Sleep spindles and epilepsy
Our data were recorded in medicated epilepsy patients in whom epileptiform events during seizure-free periods (i.e. interictal episodes) may affect sleep, and sleep spindles in particular (Dinner and Lüders, 2001
; Steriade, 2005
). Therefore, it was imperative to confirm that our results could be generalized to the healthy population, and multiple observations strongly suggest that this is the case. First, overnight recordings were carried out prior to routine tapering of anti-epileptic drugs to ensure a less significant contribution of epileptiform activities. Second, sleep measures were within the expected normal range, including distribution of sleep stages, NREM-REM cycles, and EEG power spectra of each sleep stage. Third, we specifically detected paroxysmal discharges and separated them from physiological sleep spindles, and we also confirmed that pathological events were not falsely detected as spindles through extensive visual inspection of each individual’s data (Methods).

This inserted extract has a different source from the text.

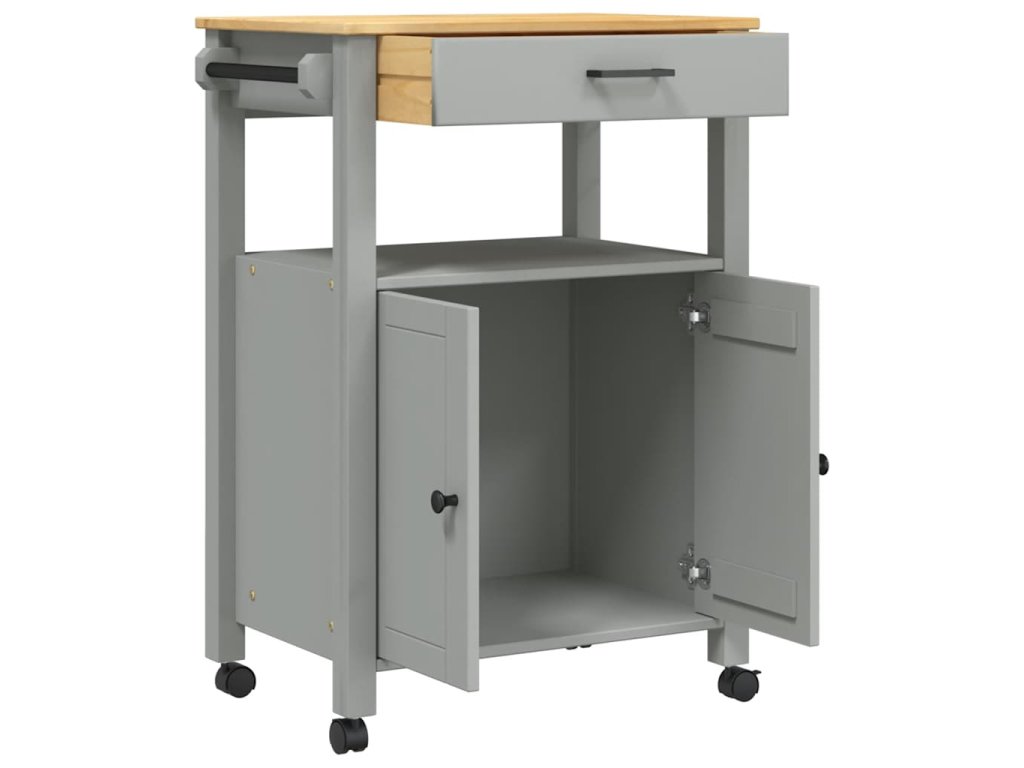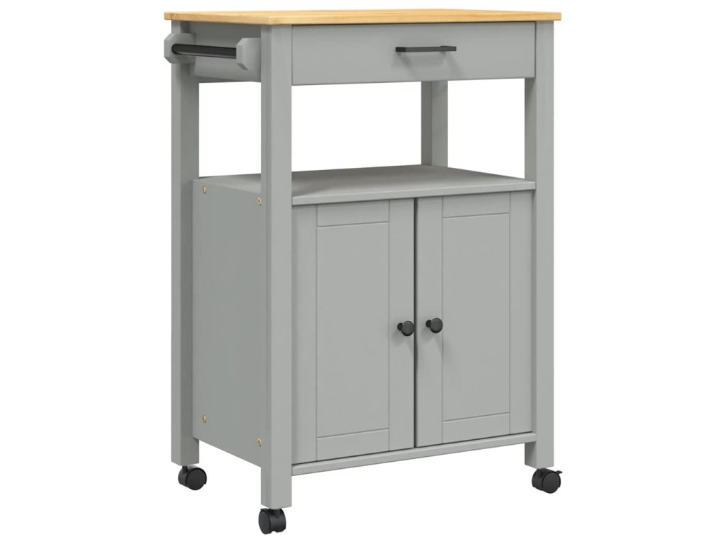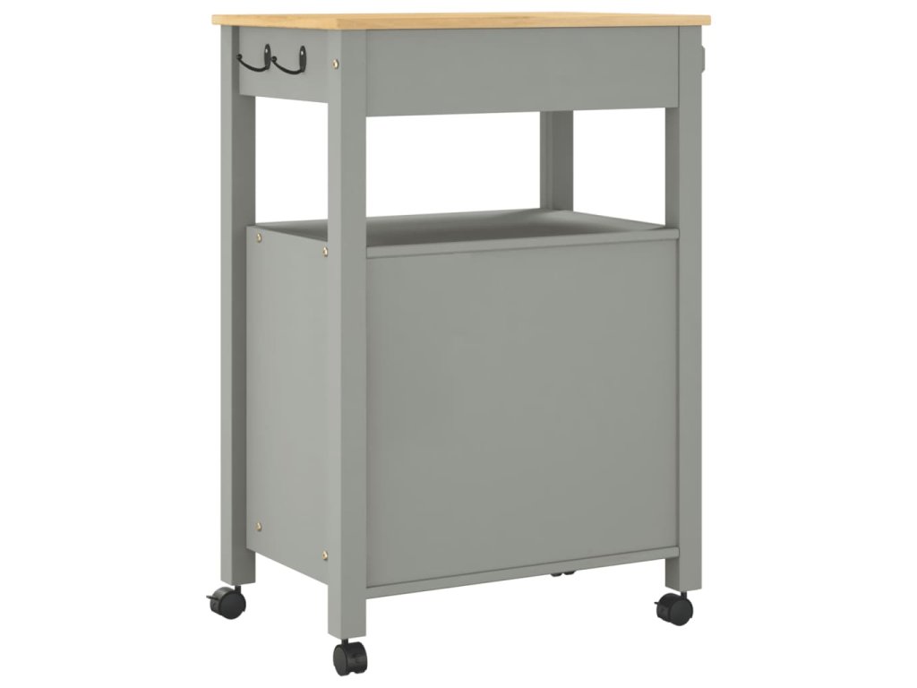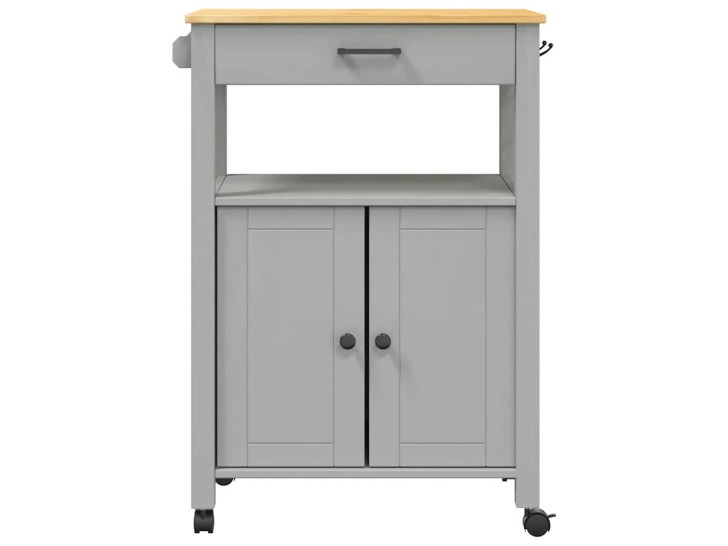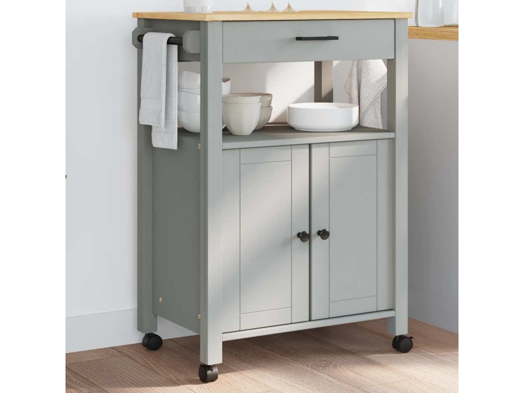 - Odolný rám: Masivní borové dřevo je nádherný přírodní materiál. Borové dřevo má rovnou kresbu a obsahuje suky, které materiálu dodávají jeho charakteristický, rustikální vzhled. Kuchyňský úložný vozík je vyroben z masivního borového dřeva a je odolný a robustní.

Fourth, the occurrence rate of paroxysmal discharges was highly variable across channels, limited in its spatial extent, and entirely absent in some channels. By contrast, all the results reported here could be observed in every individual despite highly idiosyncratic clinical profiles. Fifth and most importantly, previous analysis revealed significant firing rate modulations in the same neurons during paroxysmal discharges (Nir et al., 2011
), whereas unit discharges were not robustly modulated during sleep spindles, attesting to a good separation between pathological and physiological spindles. Since interictal EEG spikes and sleep spindles may be confounded in a more complex manner in the MTL, we adopted a conservative approach and analyzed those spindles separately from data obtained in frontal and parietal cortices based on a visual detection. Overall, we are confident that the current results can be generalized to individuals without epilepsy.